NFHS-5 shows that over one in five adults has hypertension and about one in ten has diabetes, yet screening, counselling and follow-up remain uneven. Late detection of cancer and cardiovascular disease drives avoidable complications and costs.

Prevention requires systematic population screening and sustained engagement with everyday risk factors. This includes promotion of physical activity, integration of yoga and meditation into routine care, and regulation and awareness around ultra-processed foods, excess salt, sugar and trans-fats. Lifestyle-focused prevention remains among the most cost-effective long-term health investments.

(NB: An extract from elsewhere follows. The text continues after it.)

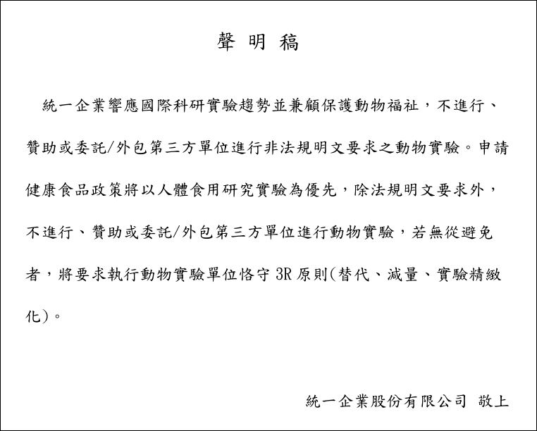 統一等食品業宣布:不再進行非法定動物實驗 |2021.11.17 語音朗讀 1242觀看次 字級 大 中 小 圖/統一企業股份有限公司 【本報台北訊】食品或飲料上的小綠人標章需透過動物或人體實驗證明保健功效,過程極其殘忍,為了證實功效殘害不少小白鼠、倉鼠等動物。近年來動物福利的議題逐漸被國人所重視,從化妝品禁止動物實驗成為常規,現在食品業也加入行動。企業受到國際趨勢與來自動保團體的壓力,以及社會企業責任的實踐,超商龍頭「統一企業」、知名食品大廠「佳格食品」以及太古可口可樂台灣分公司宣布,加入禁止非法定動物實驗的行列。另外養樂多(美國)也向亞洲善待動物組織(PETA)證實,在台灣以益生菌飲料聞名的養樂多有限公司現已正式納入其母公司養樂多本社的最新政策,禁止動物試驗。PETA指出,食品企業為了加強宣稱「健康」功效、向消費者推銷產品,即使是台灣法規並沒有要求必須進行動物實驗的茶類或豆漿等食品,也會對數千隻動物進行實驗。根據農委會2020年度實驗動物人道管理年報,2020年實驗動物的使用量為332萬8902隻,較前一年度的426萬862隻減少約21.9%。另外,2020年共完成8724件動物實驗案件審查,其中「健康食品」則有321件(約3.7%)。「除了保護動物,也保障了消費者不再被未經人體實驗證實的『健康產品』矇騙。」鄭懿馨表示,PETA從去(2020)年8月開始與包含「統一企業」在內的20家食品企業溝通,目前已說服包括佳格食品集團、維他露集團、聯華食品公司、太古可口可樂台灣分公司、以及養樂多股份有限公司等集團在產品製造過程中,禁止非法律規定必要的動物實驗。佳格食品集團:百事可樂旗下桂格燕麥公司授權產銷桂格產品,也是台灣最大的健康食品公司。維他露食品集團:台灣第三大健康食品公司。聯華食品公司:台灣知名零食企業,同時也是台灣7-11便利店的主要供應商。「統一企業」跟進響應 禁止非法定動物實驗行列PETA指出,根據食藥署的官方數據庫顯示,統一企業在2000年至2021年期間,進行或資助了至少17項,實驗過程涉及了917隻動物。現在選擇釋出善意,在10月12日在官方網站發布,除了明文要求的動物實驗外,「響應加入禁止非法定動物實驗行列」聲明,至少有將近千隻動物可終止痛苦的動物實驗。而旗下有「桂格」、「福樂」知名品牌的國內業者「佳格食品」,在今年6月也宣布「除法規明文要求外,不進行、贊助或委託、外包第三方單位進行動物實驗」。食藥署刪除「抗疲勞」實驗 實驗鼠不再游泳、跑步至死 為什麼要做動物實驗呢?根據環境資訊中心報導指出,國人在選購食品時,會以有「小綠人」標章作為考量之一。依據現行健康食品的審查制度,小綠人標章需透過動物或人體實驗證明保健功效。目前衛福部已公告的保健功效項目有13項,包含「護肝」、「免疫調節」、「延緩衰老」、「抗疲勞」、「輔助調節血壓」等等。健康食品抗疲勞功能評估方法中的游泳測試將實驗鼠放入深水中游泳掙扎,直至體力不支而溺死。圖/:擷自PETA官網示意影片其中的「抗疲勞」項目,食藥署今(2021)年4月正式修法,將「健康食品之抗疲勞功能評估方法」修正為「健康食品之抗疲勞保健功效評估方法」,其中重要改革之一就是刪除備受動保團體反彈的「動物實驗」。這項功效須讓動物做「游泳測試」及「跑步機測試」,因為過程殘忍而飽受爭議和批評。宣稱「健康」的代價 台灣現行健康食品法規 亞洲善待動物組織(PETA)科學顧問鄭懿馨博士說明,我國健康食品可分為「安全性試驗」及「功效性試驗」,申請小綠人標章的產品需先經過安全性試驗,PETA目前已成功說服食藥署,優先採用國際認可的非動物實驗方法來進行安全性試驗,來減少對動物殘忍的實驗。功效性試驗方面,按法規大多可讓業者自由選擇動物實驗或人體實驗,只有「延緩衰老」及「護肝」兩項只開放動物實驗,沒有人體實驗的選項。而「抗疲勞」在修法後,目前也剩人體實驗可以操作。「那些食品絕大多數都是平常大家就在吃的東西,沒有道理不能做人體實驗,功效性試驗的部分要禁止動物實驗完全沒有問題。」鄭懿馨說。PETA持續呼籲食藥署在去(2020)年預告新增的「關節保健」功效法規中禁止動物實驗,而鄭懿馨認為,「其他功效也比照修改僅是時間問題。」食藥署表示,是否刪除其它功效的動物實驗,目前都還在研擬當中,也還在跟專家討論,若經評估確認沒有進行動物實驗的必要,後續會持續擴張「不必要動物試驗」的範圍。動物實驗因過程殘忍且實驗動物通常難逃一死,引發許多動保團體反彈。示意圖。圖/亞洲善待動物組織PETAPETA點名愛之味儘快跟上鄭懿馨認為,目前國內對於動物實驗的態度已能在健康食品上看出骨牌效應,除了政府法規與企業政策的改革外,也呼籲大眾抵制這些透過不必要動物實驗製造出的產品,「加速淘汰這些過時的試驗方法。」她也點名「愛之味股份有限公司」,希望國內其他尚未跟進的企業盡快採取行動。 前一篇文章 盜賣逾750萬筆學生個資給補教 每筆10元至20元 下一篇文章 高鐵延伸宜蘭站址 第5折衷地點曝光 熱門新聞 01法全票通過 掠奪文物歸還中國2026.04.1702勞動部將研議 勞退舊制移入新制2026.04.1803【詩】 鐮刀俠2026.04.2104【詩】靜寂 2026.04.1705普門品交響清唱劇妙法之歌 5月12日中山堂首演2026.04.1706補鈣最佳時機 晚餐後或睡前1

Budget 2026 must focus on affordable care

The private sector delivers a large share of care but remains weakly regulated. A persistent distortion is price discrimination. Hospitals accept relatively moderate package rates under CGHS, ECHS and PM-JAY, yet charge uninsured patients four to five times more for the same services, pushing quality care beyond the reach of ordinary households.

Budget 2026 should move from passive purchasing to active stewardship. Reference pricing for common procedures, diagnostics and OPD services linked to CGHS and PM-JAY rates; mandatory price transparency; enforcement of the Clinical Establishments Act; and district-level contracting with private providers to fill specialist gaps at capped rates would materially reduce financial distress while improving access.

Budget 2026 presents a clear choice. The government can continue adding schemes at the margins, or it can fix the foundations: functional facilities, responsive staffing, assured medicines and diagnostics, OPD and specialist access, effective Arogya Mandirs, predictable private pricing, clean air, safe water and credible prevention. Addressing these fundamentals would do more to restore trust in public facilities than any new announcement.

Dr Rattan Chand is Founding Director, EGROW Foundation, a Noida based think tank.